Research Areas
Electrochemistry and Materials Science
Water Electrolysis
The major part of our research is focused on developing novel electrocatalyst materials for efficient water splitting for H2 production as clean fuel. The process involves in-depth analysis to understand key insights revolve around different mechanisms including hydrogen evolution and oxidation, oxygen evolution and reduction etc. Our approach is to rational design of electrocatalysts for controlled activity, selectivity, and stability by combining catalyst synthesis and electrochemical performance testing with physical and chemical characterization. We further explore the performance evaluation of developed electrocatalysts in electrolyzer device for continuous H2 production and practical evaluation.
Seawater Electrolysis
A considerable amount of efforts are invested for much important seawater splitting establishing effective yet sustainable process by electrocatalyst as well as electrolyte engineering for green H2 generation over long run. The study was mostly focused on restricting very challenging chloride corrosion during direct seawater electrolysis. We further investigate electrolyzer performances with our established formulation taking the fundamental science from lab level towards industrial implementation.

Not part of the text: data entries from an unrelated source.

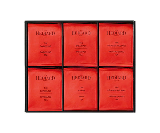 ブレックファスト×5/フランス製(茶葉:スリランカ・インド)、ダージリン×5/インド製、エディアールブレンド×5/フランス製(茶葉:中国)、アップル×5/フランス製(茶葉:スリランカ)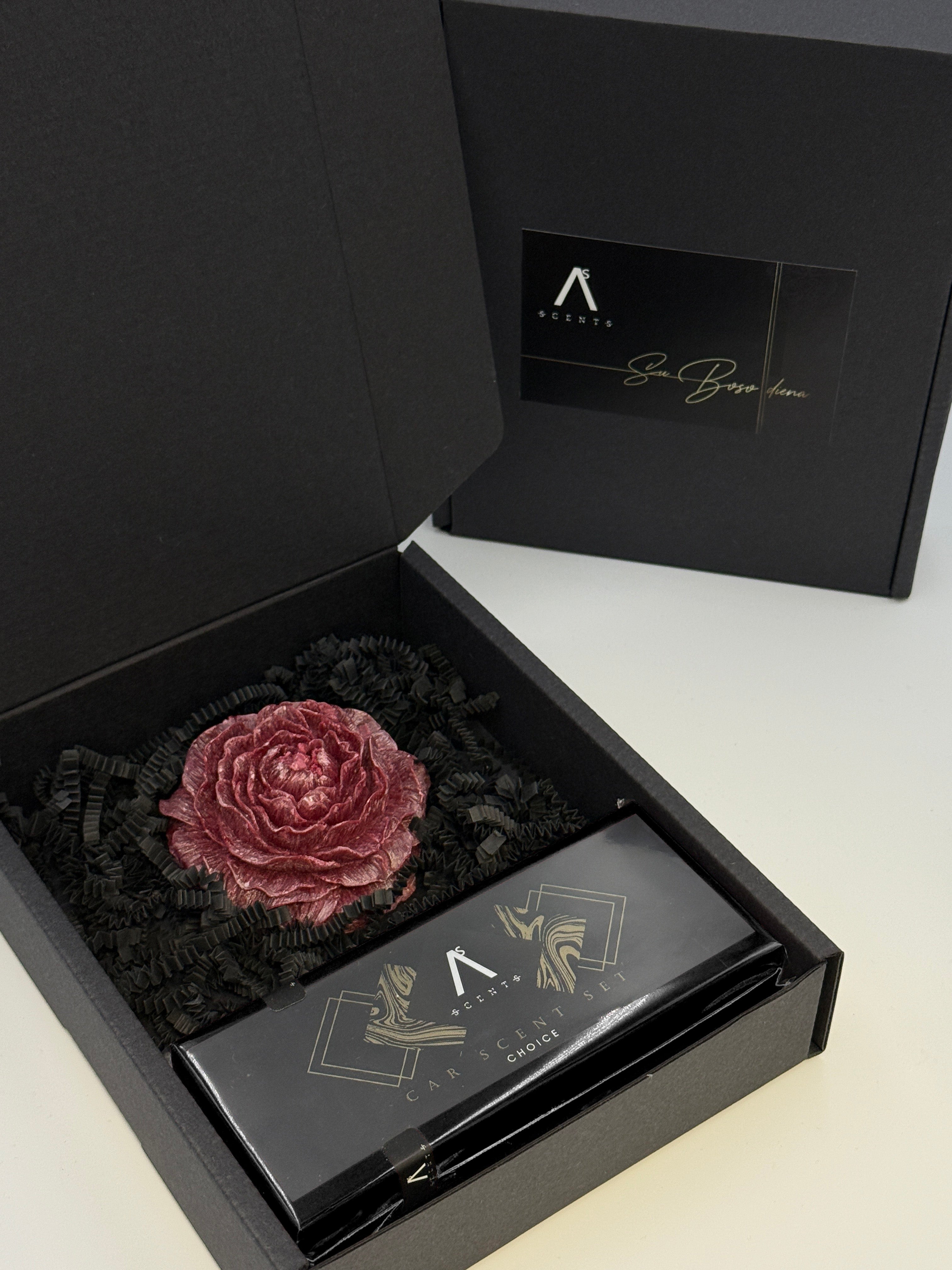 Aromatinė natūralios odos kortelė, 10 ml purškiklis, žvakė rožė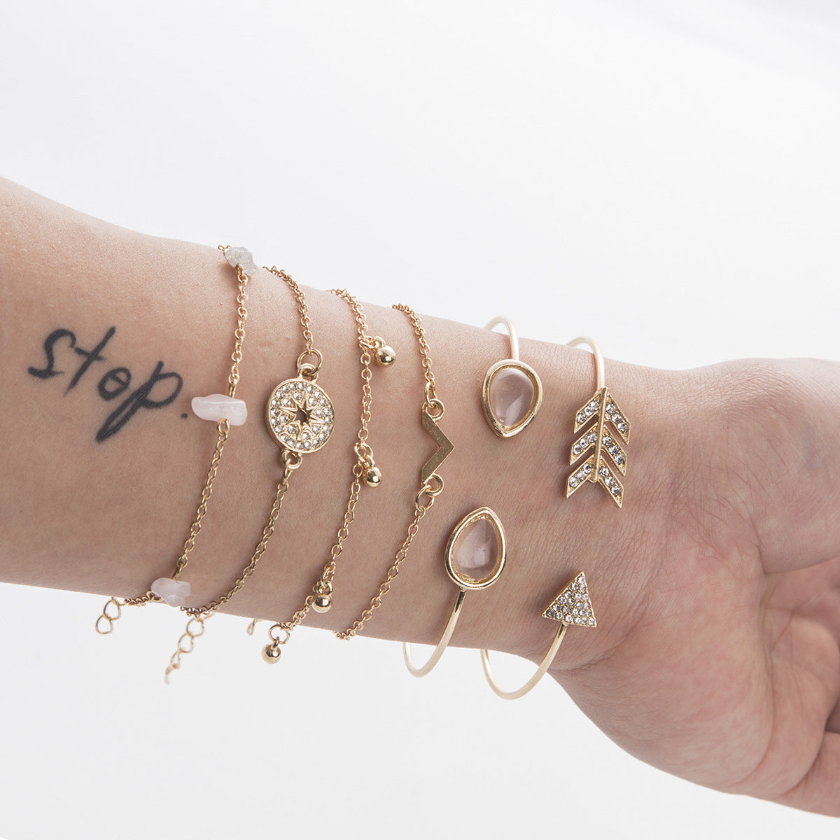 Broken Turquoise V-shaped Bracelet Six-piece Set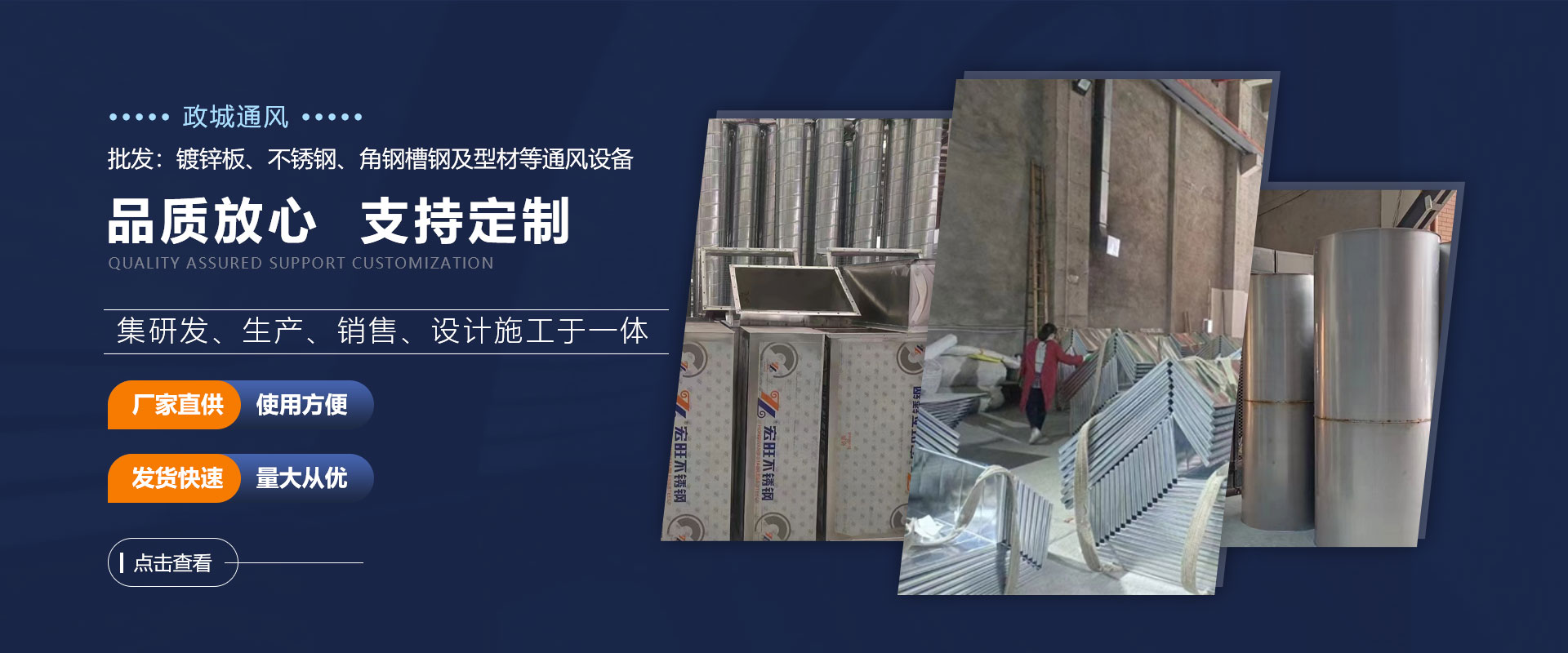 成都政城通風(fēng)設(shè)備有限公司具有8年風(fēng)管加工、不銹鋼通風(fēng)管行業(yè)經(jīng)驗(yàn),集研發(fā)、生產(chǎn)、銷(xiāo)售、設(shè)計(jì)施工于一體。擁有3000平方生產(chǎn)基地,30余名工作人員。 提供不銹鋼通風(fēng)管、消防通風(fēng)管、螺旋管、焊接油煙管道及異形管件一站式解決方案。 批發(fā):鍍鋅板、不銹鋼、角鋼槽鋼及型材等通風(fēng)設(shè)備一站式生產(chǎn)與服務(wù)源頭廠(chǎng)家。

Electrochemical Oxidation Reaction
The efficient way of H2 production can also be achieved by coupling of the electrochemical oxidation of small molecules in place of oxygen evolution reaction (OER) at the anode and the hydrogen evolution reaction (HER) at the cathode. Identification of small molecules with much lower oxidation potential, which are often available in waste effluent can reduce the overall cell voltage considerably, making the electrochemical H2 production much viable accompanied by safe degradation and disposal of pollutant molecules. Our studies further explored in electrolyzer device to understand the practicability and possible economic and energy saving ability.
Electrochemical Reduction Reaction
The mitigation strategy towards net zero carbon emission has been taken the front lead considering current worrisome environmental status. The electrochemical CO2 reduction reaction (CO2RR) to convert CO2 into high-value chemicals and fuels, thereby enabling sustainable carbon fixation is a much needed topic. Further, ammonia (NH3), being a potential H2 carrier, is often produced the Haber–Bosch process which consumes substantial energy and contributes to enormous CO2 emission. The electrocatalytic reduction of NOx species (NO3−, NO2−, or NO) to NH3 is considered to be a desirable technique due to its advantages such as flexibility, low power consumption, sustainability, and environmental friendliness. We develop electrocatalysts for such electrochemical reduction reaction to carry out efficiently as well as selectively. The studies on flow cell device for continuous production of such value-added products are also underway.